Doctor Wears confides, in a new paper, about the depths of his training:


DrWearsWorn Out by Fatigue Training,” Robert L. Wears [pictured here], MD, PhD, Annals of Emergency Medicine, vol. 66, no. 3, September 2015, pp. 334-335. (Thanks to Ivan Oransky for bringing this to our attention.) Dr. Wears, at the University of Florida and also at Imperial College London, writes:


I was sitting quietly in our department’s faculty meeting, trying to surreptitiously catch up on some reading while appearing politely attentive. This is academic medicine’s equivalent of “just walking down the street, minding my own business”—when the equivalent of “.and then some dude shot me” jolted me back to the meeting; it was the distantly heard phrase “mandatory training.” My heart sank….
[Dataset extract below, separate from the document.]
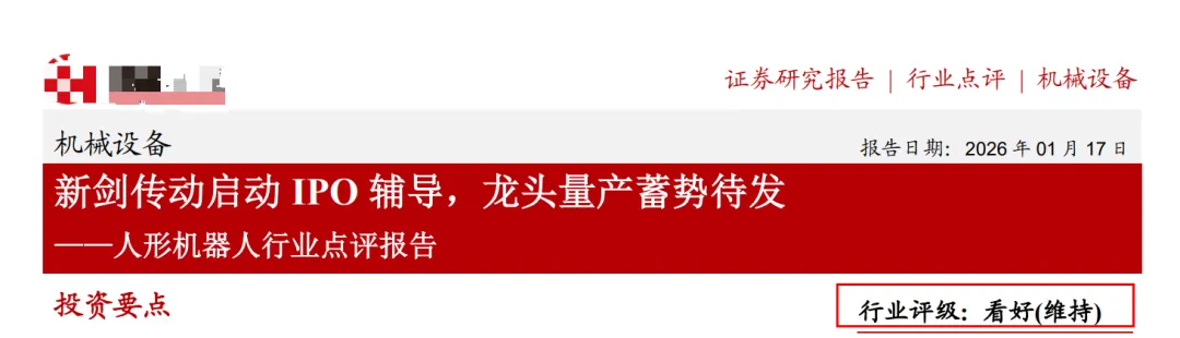 (2)ZSZQ:1月9日,新剑传动启动 IPO 辅导 ,新剑传动深耕丝杠。丝杠在人形机器人中价值量占比可达到 20%,同时,新剑传动已部署年产 100 万台人形机器人及汽车行星滚柱丝杠产业化项目的建设。

I went back to my office to do my duty. The video was called “Fatigue Training,” so napping through it somehow seemed just right. I propped my feet on my desk and settled down to protect myself against that demon, fatigue….


As I was ‘training,’ I drifted off, no doubt because— surprise—I was fatigued. I began to dream about all the mandatory training I’ve taken in the past few years, and the pile of official-looking certificates I’ve got to keep track of, and to produce at a moment’s notice to maintain hospital privileges, board eligibility, or general membership in polite society…


[Eventually] I suddenly awoke—alone, in my office, sweating, mildly tachycardic, but blessedly alone. My secretary came in to ask if I was all right. ‘I thought I heard you call out,’ she said. ‘No, not me; must have been the wind,’ I lied. ‘But I’m going to take the rest of the day off. Fatigue Training has worn me out.”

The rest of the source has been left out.